Я помнил, даже по прошествии многих лет у меня из памяти не стирались воспоминания о том, как во время войны, в Коканде меня ни за что ни про что лупцевали мальчишки, обзывая «жидом», это повторялось не раз — и не только в Коканде... Я вспоминал и другое, совсем недавнее. В Алма-Ате проводились военные сборы, мы, офицеры запаса, возвращались из пригорода в специально поданном автобусе, когда я услышал, как на задней площадке, в сопровождении залихватского гогота, рассказывают антисемитские анекдоты. Я подошел к толпившимся вокруг рассказчика и сказал, что прошу прекратить. Почему? Потому что противно слушать... Кому — противно? Мне. А ты кто такой? Я такой же, как вы, офицер запаса, и не хочу слышать эту грязь... Они продолжали рассказывать, слушать, ржать... Я был один — на весь автобус. Но главное заключалось в ином: со сборов я ехал вместе с одним литературоведом, высоким, мускулистым, с породисто-узким, лобастым, суперинтеллигентным лицом... Мы толковали о поэзии, Пастернаке... Он прикинулся, что не слышит того, что происходило на задней площадке, и когда я вернулся, продолжал тем же ровным голосом говорить о своеобразии пастернаковской образной системы...
Ташкент... Ружье с кривым дулом, чтоб сподручней стрелять из-за угла... Пошленькие анекдотцы... Теперь всему этому пришел конец. Я чувствовал, что-то новое рождается у меня в душе... И не у одного меня...
Кто же был прав — я или Саша Воронель?.. Можно ли совместить ту и другую точку зрения? Или же — помимо общего для всех дела есть еще и особые, наши, «еврейские дела»?..
Дирижер симфонического оркестра уехал в Израиль, написав, что это его «историческая родина»... Чепуха. Моя родина — СССР, Советский Союз.
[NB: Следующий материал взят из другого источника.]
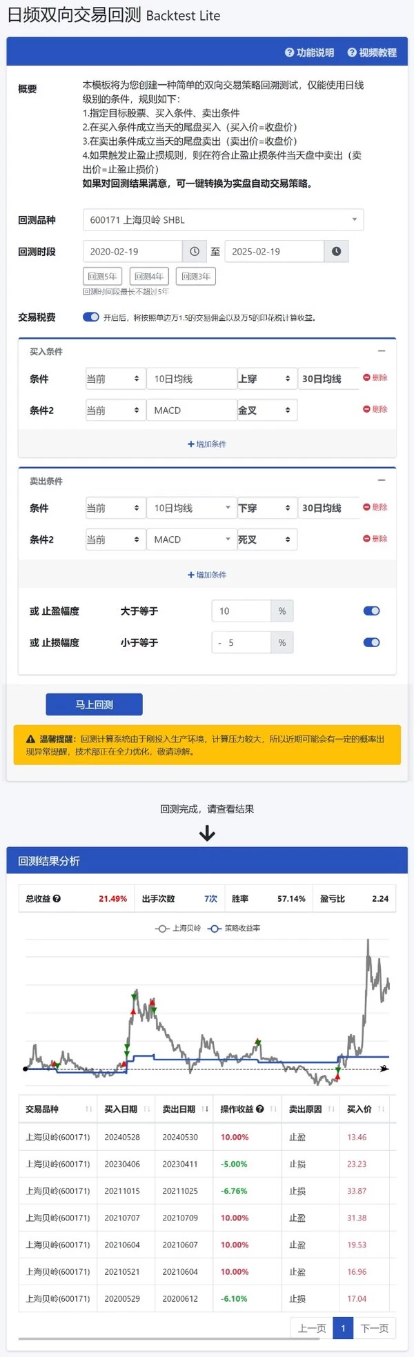 平台内置专业回测系统,支持近5年历史数据回测,提供详细的回测报告,以此全方位对策略进行评估。
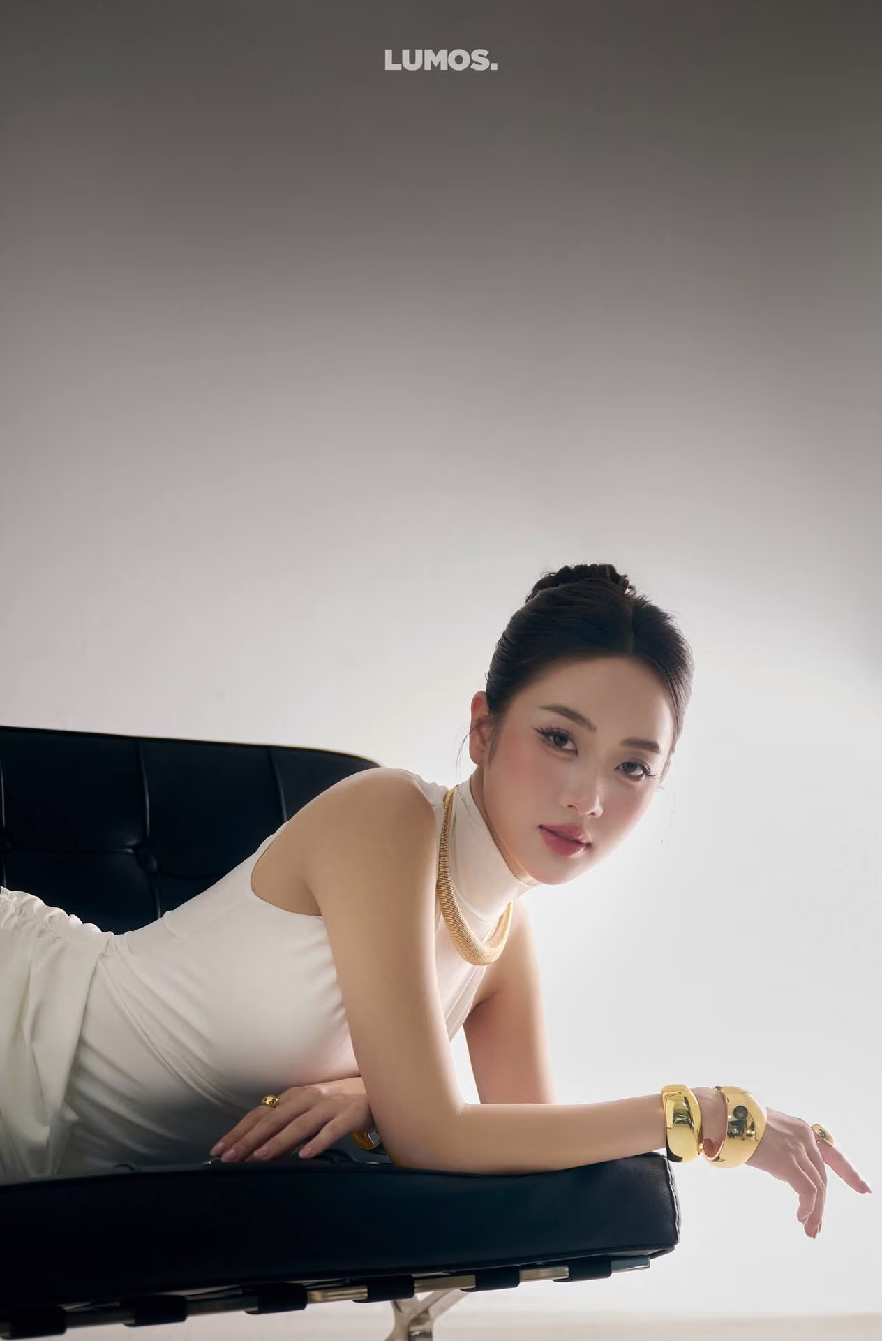 This stunning photograph captures a mesmerizing woman exuding elegance and allure. She is impeccably dressed in a pristine white formfitting dress highlighting her perfect silhouette and refined fashion sense. With her hair neatly styled in an updo and adorned with shimmering gold accessories like a choker necklace and a bold bracelet she epitomizes luxury and sophistication. Her pose reclining gracefully on a modern black chair combined with a confident expression and captivating gaze creates a harmonious and artistic composition. This is more than just a fashion shot it is a symbol of selfassurance timeless beauty and the irresistible charm of the contemporary woman. The minimalist black chair provides a perfect backdrop enhancing the pure white attire and the charismatic presence of the main subject.

Разве не здесь я родился, не здесь, не в этой земле находятся родные мне могилы?..
В те годы я несколько раз бывал в Астрахани, но с каждым разом ощущал себя здесь все более посторонним, чужим...
Город оставался вроде бы прежним — те же улицы, по которым когда-то бродили мы с Гришкой и Воронелем, та же Стрелка над Волгой, где, случалось, под ночным, усеянным звездами небом стояли мы с Галиной... Та же библиотека, где мы встречались, где ставили «Дядю Сэма»... И то же — поблизости от нее, на улице Свердлова, с разукрашенным архитектурными финтифлюшками фасадом здание МГБ, теперь — КГБ... Но город казался мне пустым, безлюдным, толпы прохожих — призрачными, похожими на сигаретный дымок, готовый рассеяться, исчезнуть от легкого дуновения... Пропал, сгорел старый летний театр «Аркадия», когда-то мы с Гришкой были потрясены впервые услышанной в нем оперой «Риголетто», привезенной Уфимским театром, я учился в седьмом или восьмом классе и ежедневно писал письма молоденькой, певшей Джильду артистке, в которую был влюблен и которую именовал не иначе, как «Божественной»... Я тщательно обходил стороной предавшую — так я считал — меня школу, а оказаться поблизости от дома на Канаве, где мы когда-то жили, где в то время жила и тетя Вера, и Тамара, — оказаться вблизи от этого дома представлялось мне таким же ужасным, как войти в темный, сырой склеп и быть в нем замурованным...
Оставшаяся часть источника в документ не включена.